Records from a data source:
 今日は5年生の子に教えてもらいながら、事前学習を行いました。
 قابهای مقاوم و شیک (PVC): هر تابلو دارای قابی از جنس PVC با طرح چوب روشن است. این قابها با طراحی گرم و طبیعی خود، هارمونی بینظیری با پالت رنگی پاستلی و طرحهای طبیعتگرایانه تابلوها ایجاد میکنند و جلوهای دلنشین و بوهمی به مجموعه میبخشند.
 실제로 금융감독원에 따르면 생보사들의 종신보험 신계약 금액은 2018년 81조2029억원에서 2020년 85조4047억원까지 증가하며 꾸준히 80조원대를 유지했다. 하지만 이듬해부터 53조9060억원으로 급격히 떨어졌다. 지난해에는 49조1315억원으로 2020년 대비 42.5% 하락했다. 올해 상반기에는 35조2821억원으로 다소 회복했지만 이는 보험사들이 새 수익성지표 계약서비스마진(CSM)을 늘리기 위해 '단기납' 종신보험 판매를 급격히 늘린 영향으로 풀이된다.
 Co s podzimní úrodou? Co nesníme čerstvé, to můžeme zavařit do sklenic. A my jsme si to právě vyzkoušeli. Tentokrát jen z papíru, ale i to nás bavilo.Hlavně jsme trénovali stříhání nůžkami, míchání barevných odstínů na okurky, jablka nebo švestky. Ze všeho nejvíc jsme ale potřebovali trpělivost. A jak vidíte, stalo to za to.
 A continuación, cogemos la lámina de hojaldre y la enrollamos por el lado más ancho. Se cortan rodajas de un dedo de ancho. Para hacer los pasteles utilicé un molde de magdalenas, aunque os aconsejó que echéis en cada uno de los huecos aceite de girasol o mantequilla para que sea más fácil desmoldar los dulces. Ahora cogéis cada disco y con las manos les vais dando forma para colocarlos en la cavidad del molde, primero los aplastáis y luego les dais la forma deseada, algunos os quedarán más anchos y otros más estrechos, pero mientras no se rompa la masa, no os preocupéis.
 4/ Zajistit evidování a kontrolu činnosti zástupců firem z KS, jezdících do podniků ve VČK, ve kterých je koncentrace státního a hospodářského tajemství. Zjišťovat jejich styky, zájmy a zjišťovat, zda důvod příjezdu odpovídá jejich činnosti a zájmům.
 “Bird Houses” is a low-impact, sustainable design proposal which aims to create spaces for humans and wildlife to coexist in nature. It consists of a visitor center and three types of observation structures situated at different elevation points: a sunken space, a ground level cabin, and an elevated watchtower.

* * *

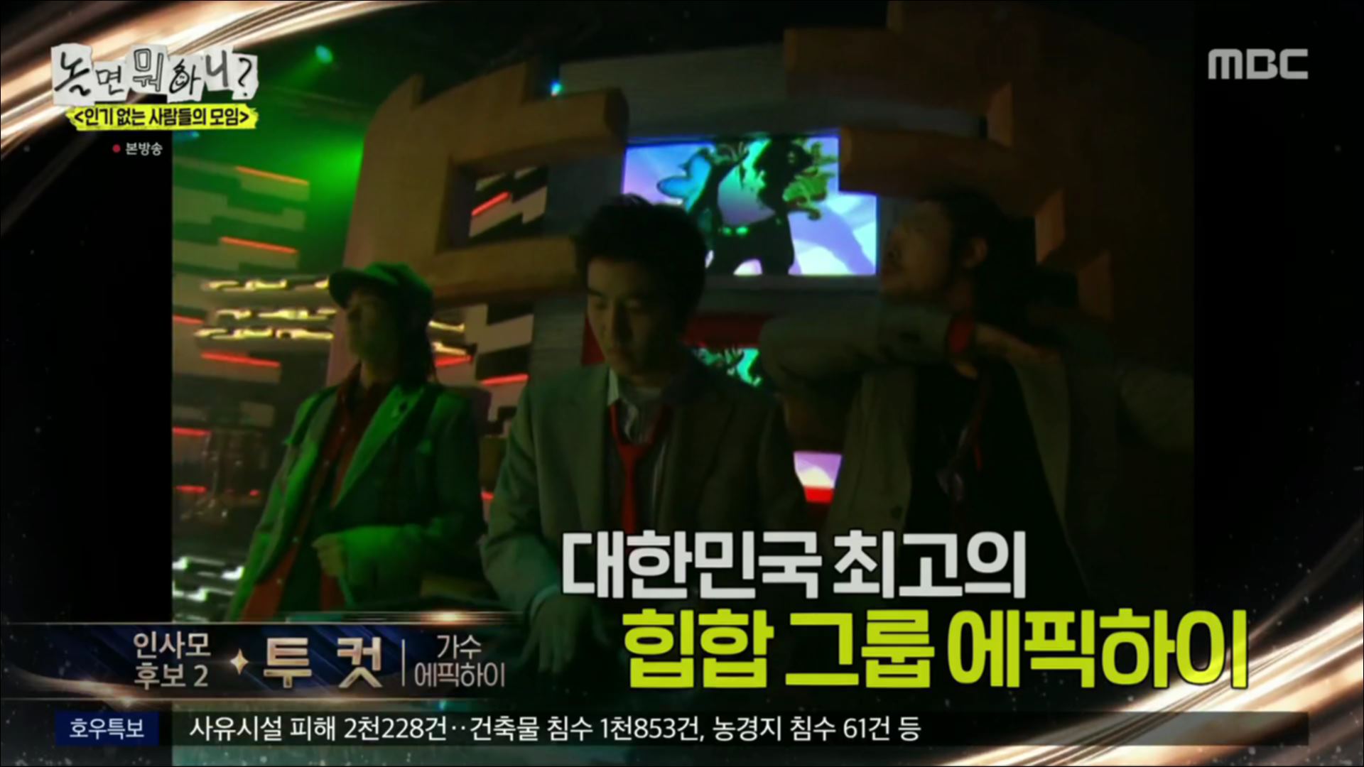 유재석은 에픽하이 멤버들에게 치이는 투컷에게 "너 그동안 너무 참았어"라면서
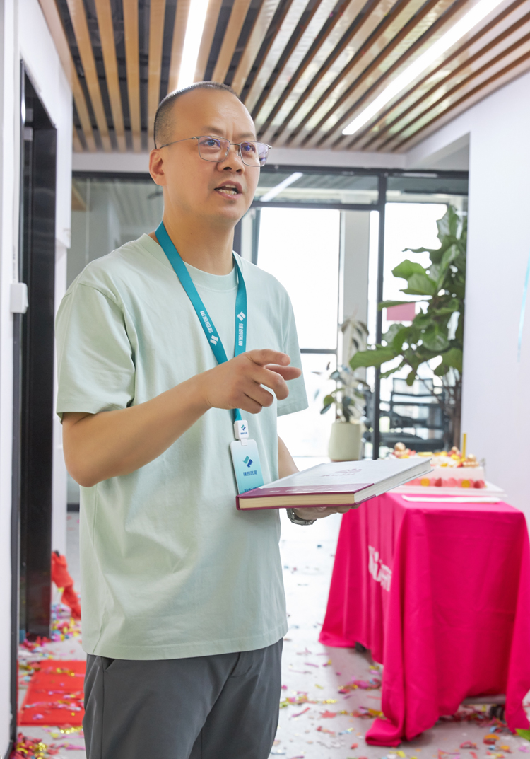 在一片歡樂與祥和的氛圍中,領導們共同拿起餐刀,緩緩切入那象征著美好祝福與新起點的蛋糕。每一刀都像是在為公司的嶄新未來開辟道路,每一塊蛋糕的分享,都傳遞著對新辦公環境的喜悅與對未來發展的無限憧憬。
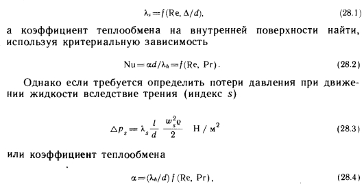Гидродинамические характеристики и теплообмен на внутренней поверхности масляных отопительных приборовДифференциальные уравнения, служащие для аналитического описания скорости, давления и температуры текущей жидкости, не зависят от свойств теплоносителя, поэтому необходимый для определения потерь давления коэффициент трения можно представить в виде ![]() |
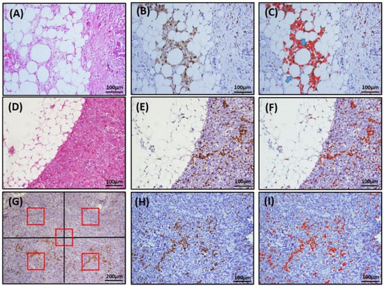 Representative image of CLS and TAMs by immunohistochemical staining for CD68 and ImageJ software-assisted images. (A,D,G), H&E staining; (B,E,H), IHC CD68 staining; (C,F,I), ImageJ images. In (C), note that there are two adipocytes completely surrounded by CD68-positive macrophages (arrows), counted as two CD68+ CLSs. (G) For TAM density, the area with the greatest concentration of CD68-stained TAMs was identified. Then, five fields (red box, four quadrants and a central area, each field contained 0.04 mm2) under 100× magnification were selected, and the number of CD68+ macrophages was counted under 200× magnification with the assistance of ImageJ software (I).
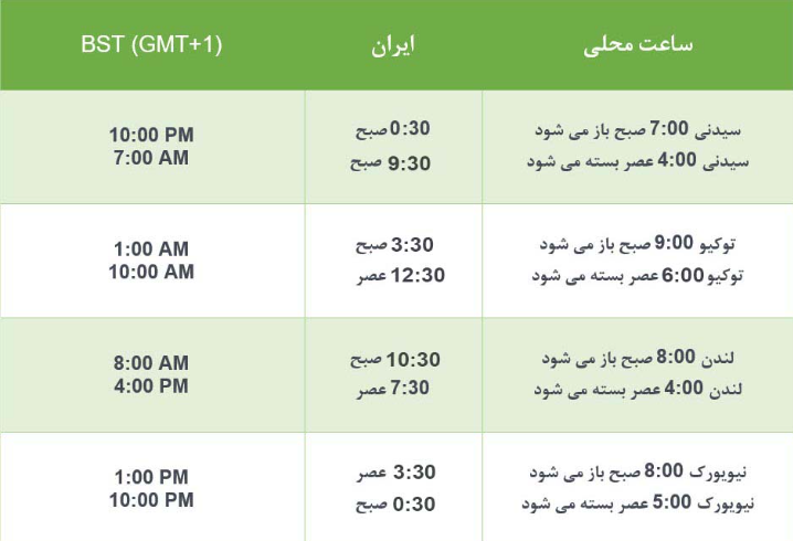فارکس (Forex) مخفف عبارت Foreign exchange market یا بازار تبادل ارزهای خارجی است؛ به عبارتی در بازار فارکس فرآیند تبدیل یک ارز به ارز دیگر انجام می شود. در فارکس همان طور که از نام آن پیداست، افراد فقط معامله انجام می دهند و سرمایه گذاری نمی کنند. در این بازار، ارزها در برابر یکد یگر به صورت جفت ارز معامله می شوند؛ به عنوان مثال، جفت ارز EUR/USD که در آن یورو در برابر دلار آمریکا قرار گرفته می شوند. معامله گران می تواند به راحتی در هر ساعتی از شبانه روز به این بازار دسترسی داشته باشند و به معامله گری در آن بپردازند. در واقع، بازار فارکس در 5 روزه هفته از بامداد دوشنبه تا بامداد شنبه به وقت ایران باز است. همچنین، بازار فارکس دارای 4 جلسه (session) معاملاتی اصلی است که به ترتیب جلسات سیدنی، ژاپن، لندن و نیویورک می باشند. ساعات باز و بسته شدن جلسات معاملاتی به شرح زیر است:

...

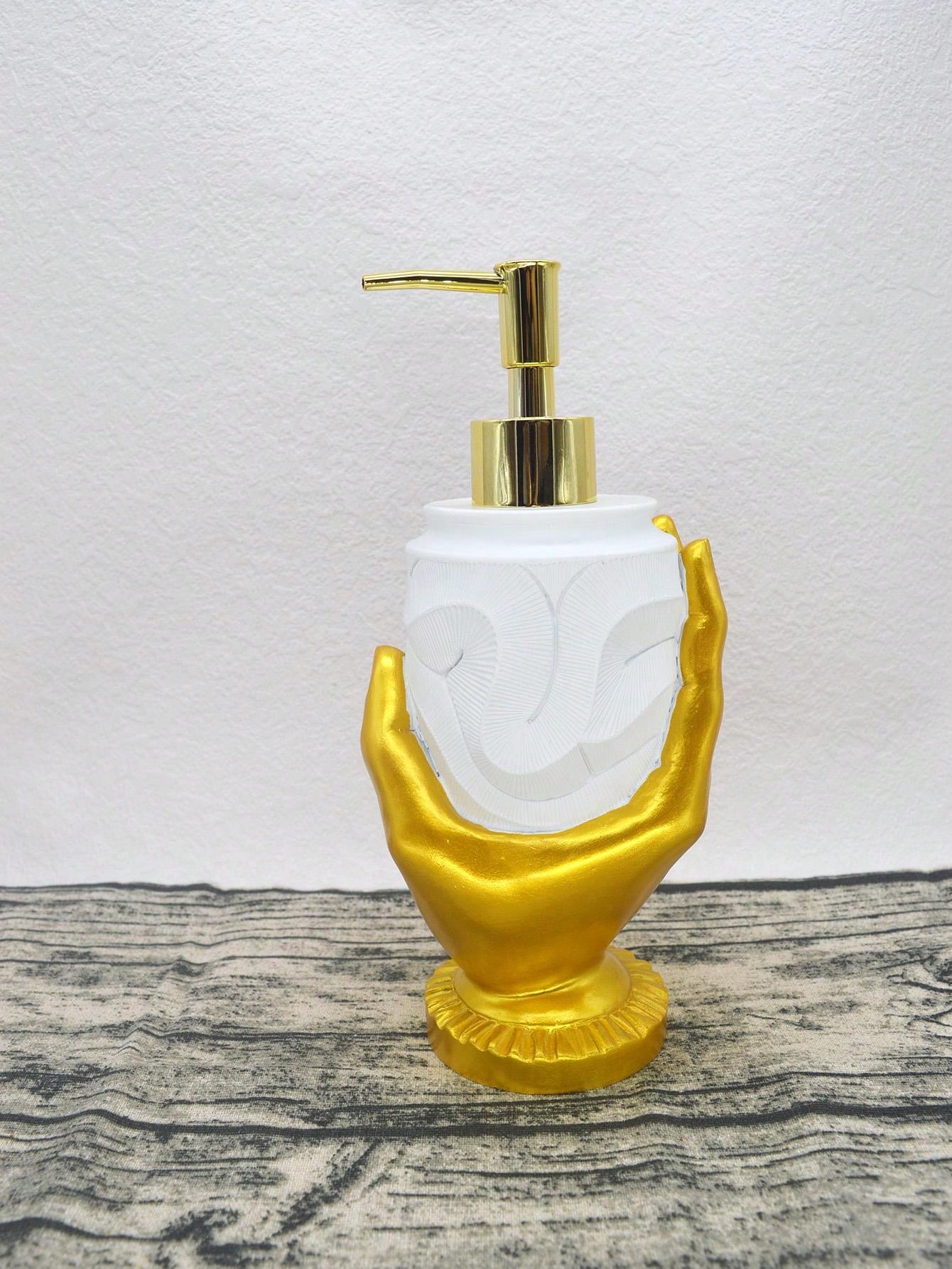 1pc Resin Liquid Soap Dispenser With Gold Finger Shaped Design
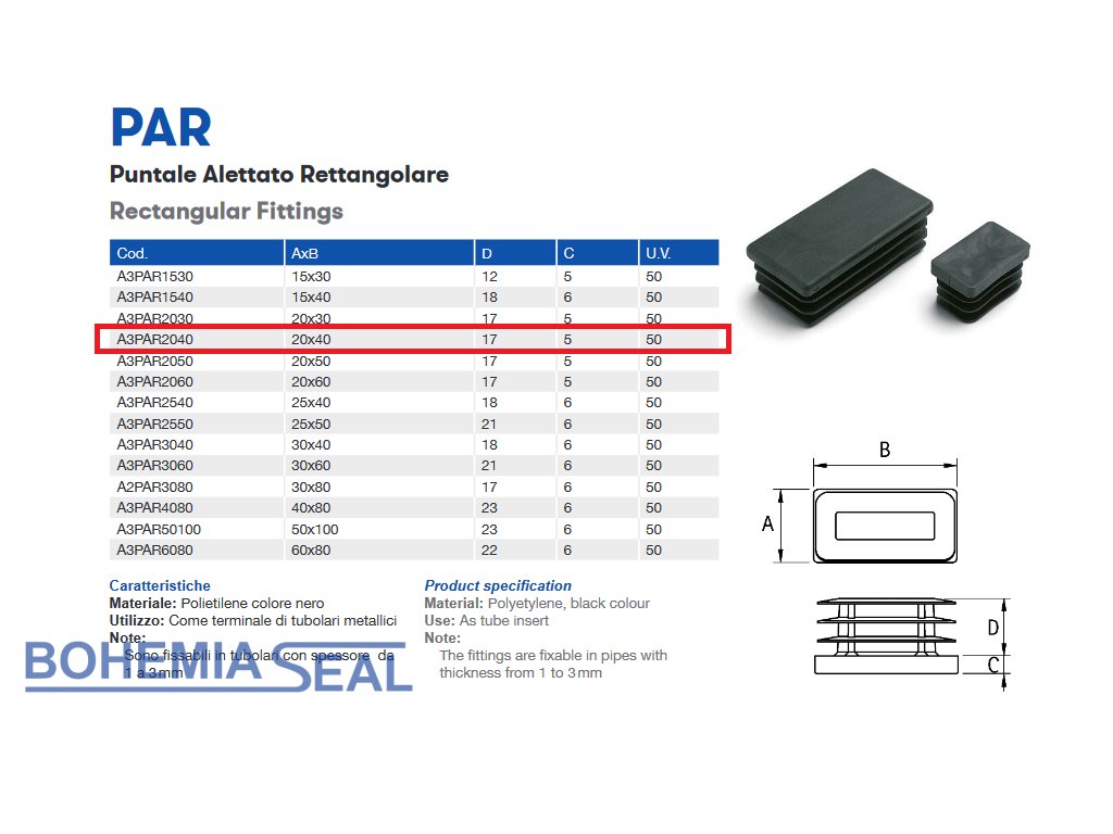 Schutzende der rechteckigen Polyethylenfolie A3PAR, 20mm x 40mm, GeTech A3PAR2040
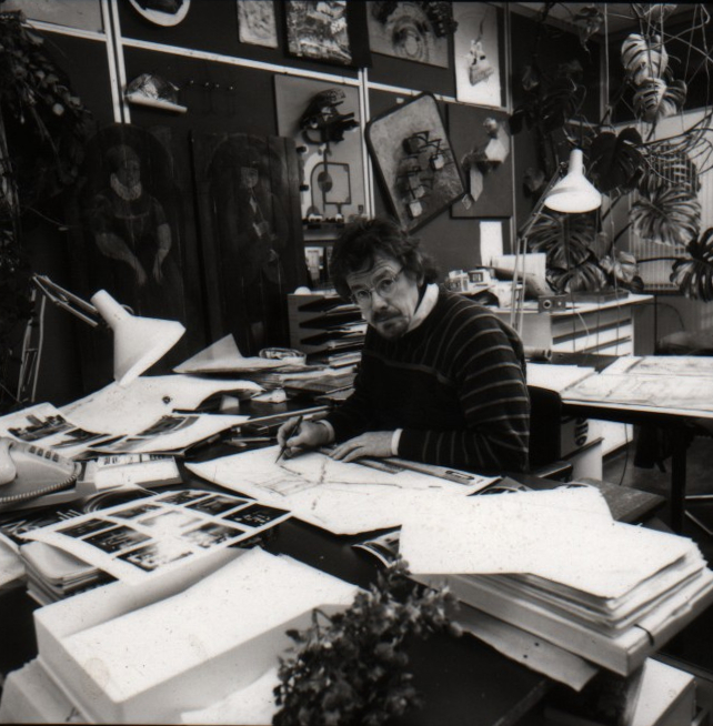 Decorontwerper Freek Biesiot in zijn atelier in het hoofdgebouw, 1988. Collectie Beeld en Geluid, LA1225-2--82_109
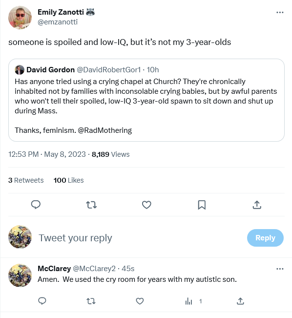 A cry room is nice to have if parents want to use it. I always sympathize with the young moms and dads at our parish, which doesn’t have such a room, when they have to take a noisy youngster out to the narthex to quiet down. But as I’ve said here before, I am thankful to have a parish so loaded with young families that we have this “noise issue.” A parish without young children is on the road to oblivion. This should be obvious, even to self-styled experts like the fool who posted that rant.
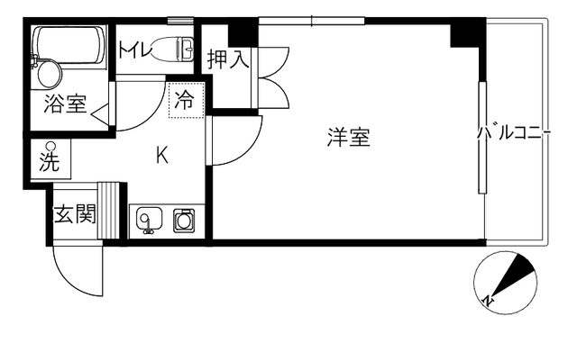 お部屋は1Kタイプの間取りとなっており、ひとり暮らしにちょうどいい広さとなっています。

**WORK TASK:** Transcribe the lines above exactly, beginning at the one with "Schutzende der rechteckigen" and ending at the one with "お部屋は1Kタイプの間取りと". Include both; exclude the pictures.

**RESPONSE BELOW:**
 Schutzende der rechteckigen Polyethylenfolie A3PAR, 20mm x 40mm, GeTech A3PAR2040
 Decorontwerper Freek Biesiot in zijn atelier in het hoofdgebouw, 1988. Collectie Beeld en Geluid, LA1225-2--82_109
 A cry room is nice to have if parents want to use it. I always sympathize with the young moms and dads at our parish, which doesn’t have such a room, when they have to take a noisy youngster out to the narthex to quiet down. But as I’ve said here before, I am thankful to have a parish so loaded with young families that we have this “noise issue.” A parish without young children is on the road to oblivion. This should be obvious, even to self-styled experts like the fool who posted that rant.
 お部屋は1Kタイプの間取りとなっており、ひとり暮らしにちょうどいい広さとなっています。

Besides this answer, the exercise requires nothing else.